Now Ned works with the Friends Of Sound Horses group, an education and advocacy group for Tennessee Walking Horses and other gaited horses, and he’s a proponent of the Prevent All Soring Tactics Act that would amend the Horse Protection Act to ban the use of devices implicated in the practice of soring, strengthen penalties, and make other reforms.

And he’s not afraid to accept help, from whatever quarter, in his battles. While some horsemen eye the Humane Society of the United States as a radical animal rights organization with an anti-horse owner agenda, Ned commended them for their work to expose abuse in the TWH industry.

“They sent that undercover guy to Jackie McConnell’s barn and took that video of him beating that horse with that stick, hitting him with a stock prod. That went viral,” said Ned. “I think that Senate bill is going to have success. Who’s g oing to vote againstit, other than a guy who was bought and paid for? I don’t agree with everything HSUS does. But I’ve joined with them in the Walking Horse business. Everybody has good points and bad points. I’m prepared to take a little and give a little.”

That pragmatic approach is part of what has made him such a successful advocate for the horse.

“He’s been on both sides, and as a result he understands the importance of alliances and being able to talk to folks on all sides of the issue,” said son Robert. “On the other hand, there are issues he’s absolutely passionate about, with horse soring or drugging, where he is a very strong advocate. He’ll engage folks on it, but he’ll stand up for what he believes is right.”

And when Ned gets passionate, he stands on integrity, not righteousness, to make his point.

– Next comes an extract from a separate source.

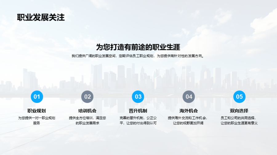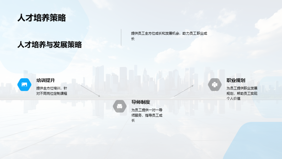 公司的基本情况, 公司的文化和价值观, 公司的发展计划和目标, 公司的人才培养策略, 公司的职业发展路径, 公司提供的培训和发展机会, 公司提供的福利和待遇, 公司对员工职业发展和成长的重视, 公司对良好企业文化和工作环境的打造, 公司的核 文件大小:6.44 MB 页数:24 页 分辨率:16*9 📸 产品预览 — 1秒登录查看完整内容 — 账号登录
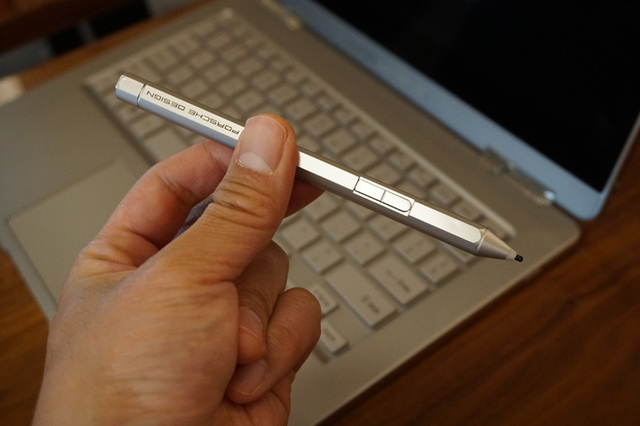 ディスプレイ側側面にマグネットで吸着させられる専用のスタイラスペンが付属する

“Practically everybody sitting at that table for the board of directors of the federation is ultimately conflicted,” said Meyer. “They’re arguing for some rule that will make their life better, or their competition better, or their competitive edge sharper. That’s their motive, that’s why they’re involved. Time after time, Ned will just see right through it and will call that person out, but not in a negative or nasty way. ‘Explain to me why what you’re proposing serves not only you and your property but the whole of equestrian sport?’ He’ll just stop these people in their tracks and make them look in the mirror.”

Ned is careful never to make his criticisms personal. “It is always the issues or the principles,” said Meyer. “Even though he makes you so angry, or you disagree with the position he’s taken—you can be frustrated, but you can’t be angry because he never personalizes it.”

“He’s got an incredible amount of integrity and high ethical standards,” said Robert. “His personal integrity is just unparalleled. That was incredibly important growing up around him.

It wasn’t something that he spent a lot of time preaching about, but it was something that you just saw and absorbed.”

But if you ask Ned why he does it, why he’s worked tirelessly for the horse for his entire career, the answer is simple.

“I’m a horseman,” he said. “I ride every day. I’m a horse whisperer. I’ve read all the books, and I’ve been to all the seminars. I’ve talked to Monty Roberts. I’ve listened to Buck Brannaman. I know horses. I feel for them. They’re willing, dumb animals. I’m not consciously going to let some guy do something to them because he can.”